◆ What you need to do: Beneath this line sits some data. Return only its lines from the one holding "Вот такой формат" through the one holding "The Default Notification", inclusive, exactly, with the images removed.

◆ Data supplied:
Content starts
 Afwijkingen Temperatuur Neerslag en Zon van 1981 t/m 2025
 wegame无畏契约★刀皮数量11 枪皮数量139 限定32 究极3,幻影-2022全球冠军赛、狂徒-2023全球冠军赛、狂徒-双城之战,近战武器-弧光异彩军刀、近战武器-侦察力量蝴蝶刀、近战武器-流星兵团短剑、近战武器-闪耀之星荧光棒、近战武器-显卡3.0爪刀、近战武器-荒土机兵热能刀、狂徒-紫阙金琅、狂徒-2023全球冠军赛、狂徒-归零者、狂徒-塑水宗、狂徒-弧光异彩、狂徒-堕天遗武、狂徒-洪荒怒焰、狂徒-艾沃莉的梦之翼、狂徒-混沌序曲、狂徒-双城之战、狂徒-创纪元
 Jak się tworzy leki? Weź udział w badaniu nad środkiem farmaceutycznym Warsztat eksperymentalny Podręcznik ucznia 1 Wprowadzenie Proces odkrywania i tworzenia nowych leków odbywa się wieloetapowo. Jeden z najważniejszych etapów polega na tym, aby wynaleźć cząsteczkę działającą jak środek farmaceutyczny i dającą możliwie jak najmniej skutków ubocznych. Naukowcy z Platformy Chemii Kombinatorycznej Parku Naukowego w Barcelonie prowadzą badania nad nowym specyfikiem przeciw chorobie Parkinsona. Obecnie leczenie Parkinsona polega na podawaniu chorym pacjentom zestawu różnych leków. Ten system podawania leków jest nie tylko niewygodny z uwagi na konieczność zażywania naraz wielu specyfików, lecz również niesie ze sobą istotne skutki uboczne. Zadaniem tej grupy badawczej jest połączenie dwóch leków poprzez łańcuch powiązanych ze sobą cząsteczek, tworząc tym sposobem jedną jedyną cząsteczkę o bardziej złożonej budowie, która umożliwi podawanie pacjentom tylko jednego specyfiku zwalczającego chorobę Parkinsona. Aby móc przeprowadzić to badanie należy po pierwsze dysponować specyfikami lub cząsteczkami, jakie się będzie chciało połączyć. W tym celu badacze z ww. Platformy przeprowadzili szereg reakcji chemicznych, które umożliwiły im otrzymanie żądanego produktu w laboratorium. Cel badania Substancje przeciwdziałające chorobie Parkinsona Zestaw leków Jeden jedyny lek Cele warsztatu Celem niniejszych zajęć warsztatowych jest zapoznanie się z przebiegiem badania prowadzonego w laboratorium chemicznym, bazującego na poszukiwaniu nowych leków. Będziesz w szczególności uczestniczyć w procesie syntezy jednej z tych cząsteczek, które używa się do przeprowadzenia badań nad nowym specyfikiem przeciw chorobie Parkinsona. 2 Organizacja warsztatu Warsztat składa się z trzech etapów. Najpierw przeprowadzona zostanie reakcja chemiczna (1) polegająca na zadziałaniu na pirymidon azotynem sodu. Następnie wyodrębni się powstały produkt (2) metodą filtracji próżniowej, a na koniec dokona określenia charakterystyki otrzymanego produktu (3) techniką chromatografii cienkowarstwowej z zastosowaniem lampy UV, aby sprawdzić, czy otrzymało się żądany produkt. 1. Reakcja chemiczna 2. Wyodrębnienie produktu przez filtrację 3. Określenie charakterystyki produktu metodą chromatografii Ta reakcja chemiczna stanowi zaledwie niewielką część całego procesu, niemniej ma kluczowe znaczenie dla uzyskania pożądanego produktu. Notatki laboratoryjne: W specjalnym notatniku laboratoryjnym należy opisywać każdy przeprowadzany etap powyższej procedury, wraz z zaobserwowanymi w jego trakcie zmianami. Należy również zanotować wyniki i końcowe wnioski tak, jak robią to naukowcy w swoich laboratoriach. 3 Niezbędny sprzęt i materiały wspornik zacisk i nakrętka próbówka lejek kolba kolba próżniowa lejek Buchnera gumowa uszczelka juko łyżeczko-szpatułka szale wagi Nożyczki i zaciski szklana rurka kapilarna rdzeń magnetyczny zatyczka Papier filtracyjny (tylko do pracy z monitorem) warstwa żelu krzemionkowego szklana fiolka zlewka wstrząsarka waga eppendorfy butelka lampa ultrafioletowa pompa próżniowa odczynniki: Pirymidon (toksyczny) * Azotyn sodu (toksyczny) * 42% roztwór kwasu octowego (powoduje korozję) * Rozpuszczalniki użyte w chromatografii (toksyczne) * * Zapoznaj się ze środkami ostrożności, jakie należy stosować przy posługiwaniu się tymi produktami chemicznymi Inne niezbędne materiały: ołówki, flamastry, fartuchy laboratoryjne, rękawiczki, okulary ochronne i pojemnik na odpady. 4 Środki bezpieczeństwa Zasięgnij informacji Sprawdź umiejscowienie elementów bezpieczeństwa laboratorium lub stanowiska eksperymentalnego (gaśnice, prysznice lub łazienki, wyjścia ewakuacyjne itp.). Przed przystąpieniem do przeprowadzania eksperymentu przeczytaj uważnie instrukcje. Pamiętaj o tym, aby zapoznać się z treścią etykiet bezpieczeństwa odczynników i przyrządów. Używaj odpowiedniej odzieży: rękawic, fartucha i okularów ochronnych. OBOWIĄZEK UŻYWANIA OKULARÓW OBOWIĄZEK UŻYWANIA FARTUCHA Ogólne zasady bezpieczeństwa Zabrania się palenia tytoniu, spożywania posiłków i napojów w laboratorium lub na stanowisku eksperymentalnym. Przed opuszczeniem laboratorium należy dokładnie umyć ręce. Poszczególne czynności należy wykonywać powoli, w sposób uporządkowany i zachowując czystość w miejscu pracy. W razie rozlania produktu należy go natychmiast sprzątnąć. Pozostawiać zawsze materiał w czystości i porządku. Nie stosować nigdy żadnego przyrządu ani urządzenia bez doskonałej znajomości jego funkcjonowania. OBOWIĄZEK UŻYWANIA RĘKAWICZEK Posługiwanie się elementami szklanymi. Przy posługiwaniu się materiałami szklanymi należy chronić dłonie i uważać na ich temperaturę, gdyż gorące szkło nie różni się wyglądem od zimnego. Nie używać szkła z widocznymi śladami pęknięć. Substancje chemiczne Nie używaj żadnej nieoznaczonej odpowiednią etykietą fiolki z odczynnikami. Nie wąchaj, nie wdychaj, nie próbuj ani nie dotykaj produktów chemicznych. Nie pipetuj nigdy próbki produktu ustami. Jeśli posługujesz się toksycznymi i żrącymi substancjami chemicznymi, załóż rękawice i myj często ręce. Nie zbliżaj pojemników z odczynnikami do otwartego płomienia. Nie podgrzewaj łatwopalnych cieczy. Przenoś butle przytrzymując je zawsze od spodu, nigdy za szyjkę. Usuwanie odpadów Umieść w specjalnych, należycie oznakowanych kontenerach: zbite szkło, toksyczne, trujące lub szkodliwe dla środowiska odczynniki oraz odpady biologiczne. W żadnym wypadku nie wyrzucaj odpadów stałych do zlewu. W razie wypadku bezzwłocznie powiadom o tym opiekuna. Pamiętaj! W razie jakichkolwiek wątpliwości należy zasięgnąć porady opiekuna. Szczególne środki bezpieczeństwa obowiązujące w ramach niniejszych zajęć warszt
Content ends
Content starts
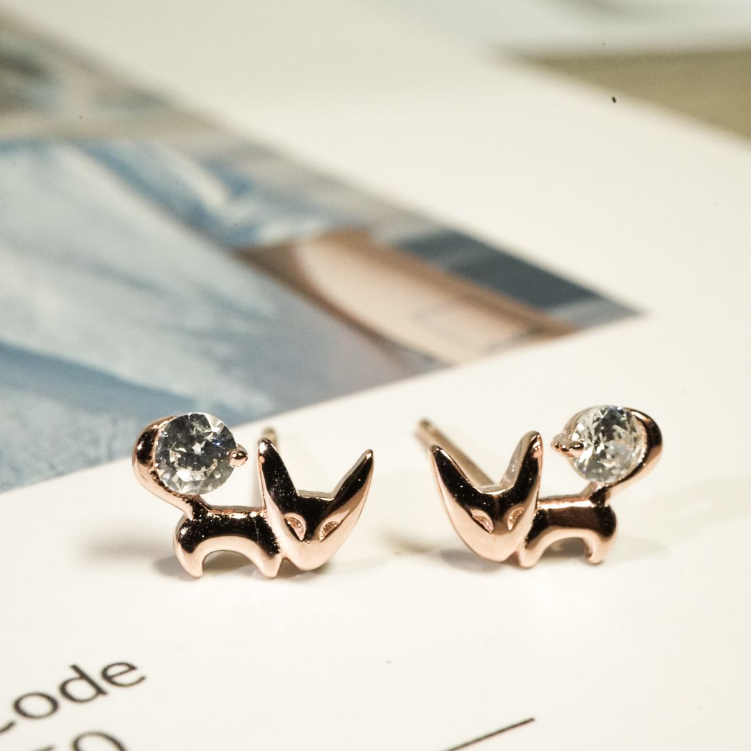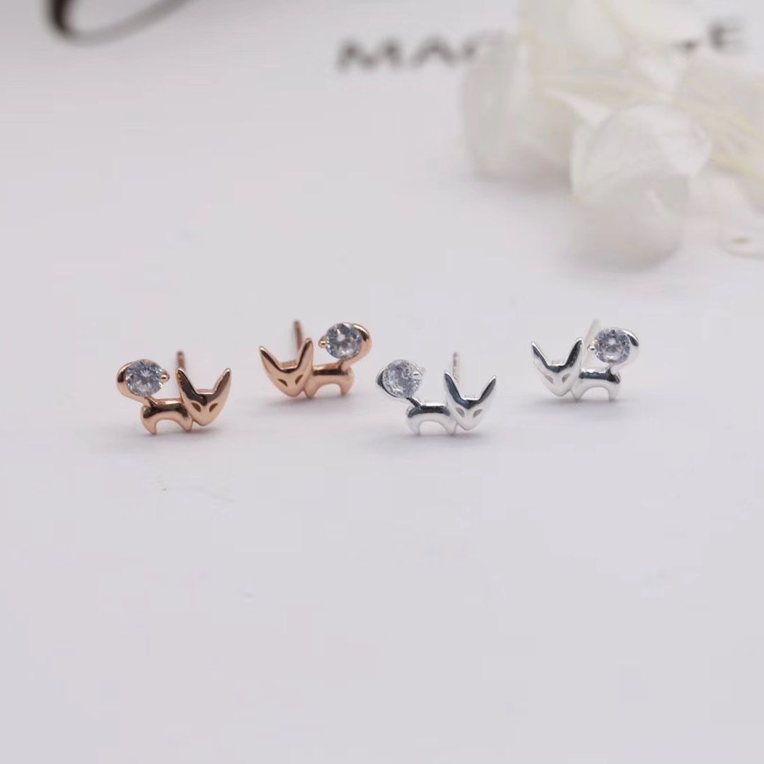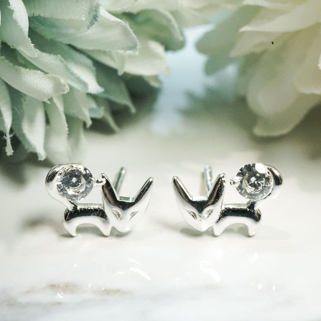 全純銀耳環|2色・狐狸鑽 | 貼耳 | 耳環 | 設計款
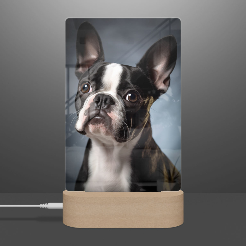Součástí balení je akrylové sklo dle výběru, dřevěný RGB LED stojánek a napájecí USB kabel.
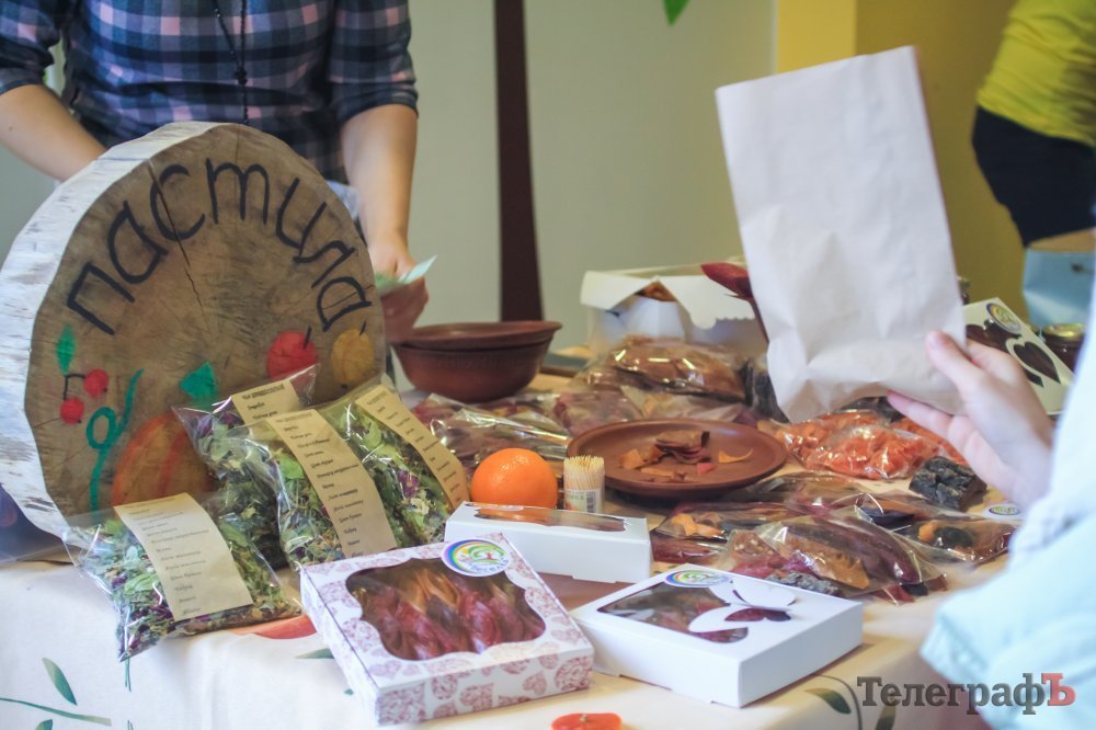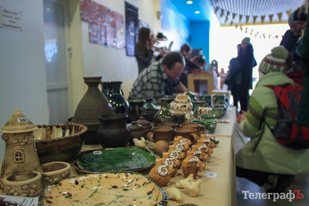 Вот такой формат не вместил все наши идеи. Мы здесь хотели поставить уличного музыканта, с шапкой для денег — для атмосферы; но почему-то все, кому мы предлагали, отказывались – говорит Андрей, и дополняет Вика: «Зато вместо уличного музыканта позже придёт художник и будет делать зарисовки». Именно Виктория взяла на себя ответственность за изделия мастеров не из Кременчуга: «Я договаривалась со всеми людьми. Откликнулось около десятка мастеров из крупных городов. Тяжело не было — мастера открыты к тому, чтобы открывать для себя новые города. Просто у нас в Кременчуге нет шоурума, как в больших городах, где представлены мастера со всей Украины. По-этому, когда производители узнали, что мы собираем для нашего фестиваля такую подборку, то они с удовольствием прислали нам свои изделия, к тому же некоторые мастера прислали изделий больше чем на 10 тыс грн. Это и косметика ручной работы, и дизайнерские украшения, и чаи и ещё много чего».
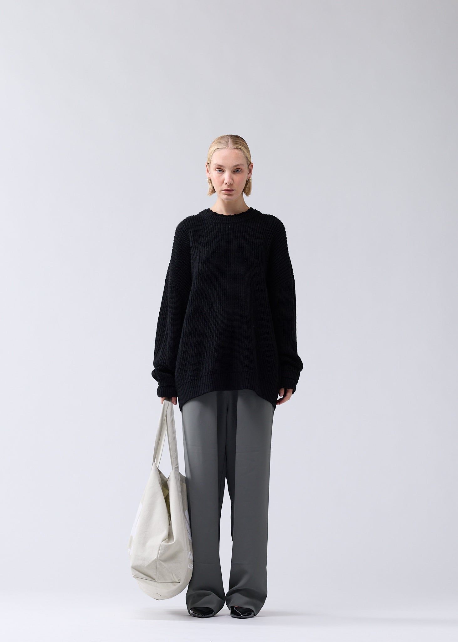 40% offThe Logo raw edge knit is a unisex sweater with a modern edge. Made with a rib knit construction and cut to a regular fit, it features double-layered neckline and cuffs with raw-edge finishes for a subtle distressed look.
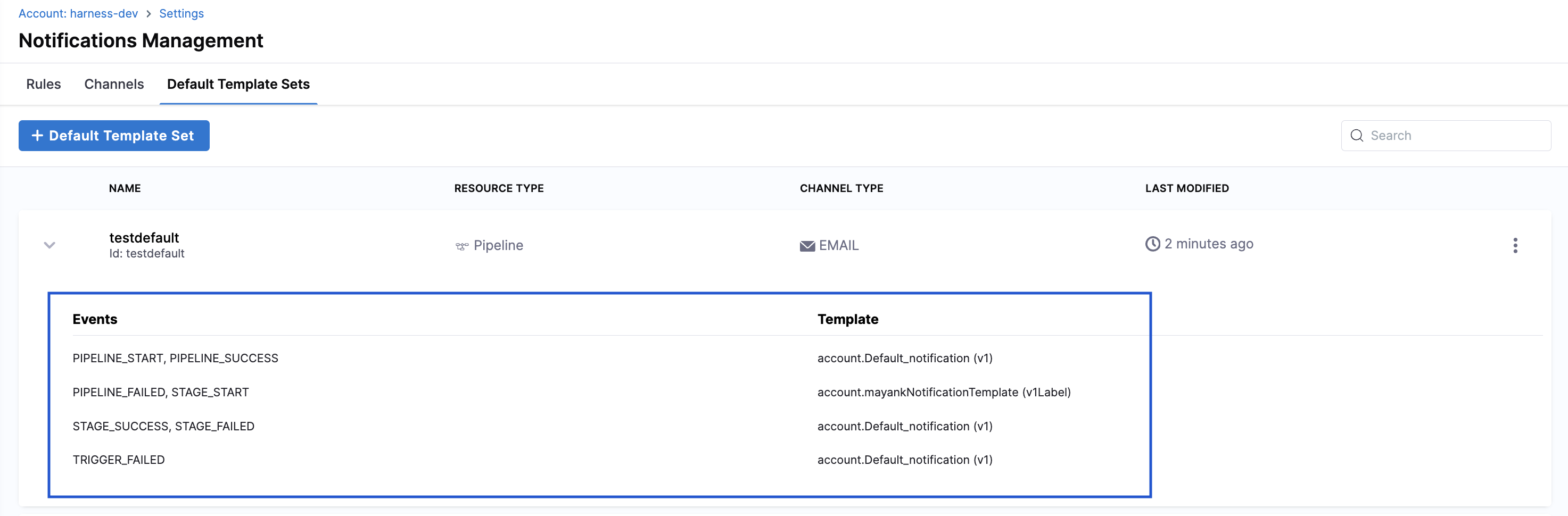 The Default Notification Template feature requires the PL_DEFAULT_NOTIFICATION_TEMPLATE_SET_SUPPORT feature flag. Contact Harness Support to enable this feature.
Content ends
Content starts
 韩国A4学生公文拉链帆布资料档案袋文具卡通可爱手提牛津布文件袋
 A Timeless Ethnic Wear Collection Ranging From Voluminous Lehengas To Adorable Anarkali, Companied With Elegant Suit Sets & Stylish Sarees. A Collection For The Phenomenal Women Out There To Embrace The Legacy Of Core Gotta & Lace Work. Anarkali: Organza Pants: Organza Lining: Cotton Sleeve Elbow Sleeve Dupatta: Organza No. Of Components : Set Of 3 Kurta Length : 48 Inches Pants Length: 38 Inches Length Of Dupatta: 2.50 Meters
Content ends
◆ Answer to the exercise:
 Вот такой формат не вместил все наши идеи. Мы здесь хотели поставить уличного музыканта, с шапкой для денег — для атмосферы; но почему-то все, кому мы предлагали, отказывались – говорит Андрей, и дополняет Вика: «Зато вместо уличного музыканта позже придёт художник и будет делать зарисовки». Именно Виктория взяла на себя ответственность за изделия мастеров не из Кременчуга: «Я договаривалась со всеми людьми. Откликнулось около десятка мастеров из крупных городов. Тяжело не было — мастера открыты к тому, чтобы открывать для себя новые города. Просто у нас в Кременчуге нет шоурума, как в больших городах, где представлены мастера со всей Украины. По-этому, когда производители узнали, что мы собираем для нашего фестиваля такую подборку, то они с удовольствием прислали нам свои изделия, к тому же некоторые мастера прислали изделий больше чем на 10 тыс грн. Это и косметика ручной работы, и дизайнерские украшения, и чаи и ещё много чего».
 40% offThe Logo raw edge knit is a unisex sweater with a modern edge. Made with a rib knit construction and cut to a regular fit, it features double-layered neckline and cuffs with raw-edge finishes for a subtle distressed look.
 The Default Notification Template feature requires the PL_DEFAULT_NOTIFICATION_TEMPLATE_SET_SUPPORT feature flag. Contact Harness Support to enable this feature.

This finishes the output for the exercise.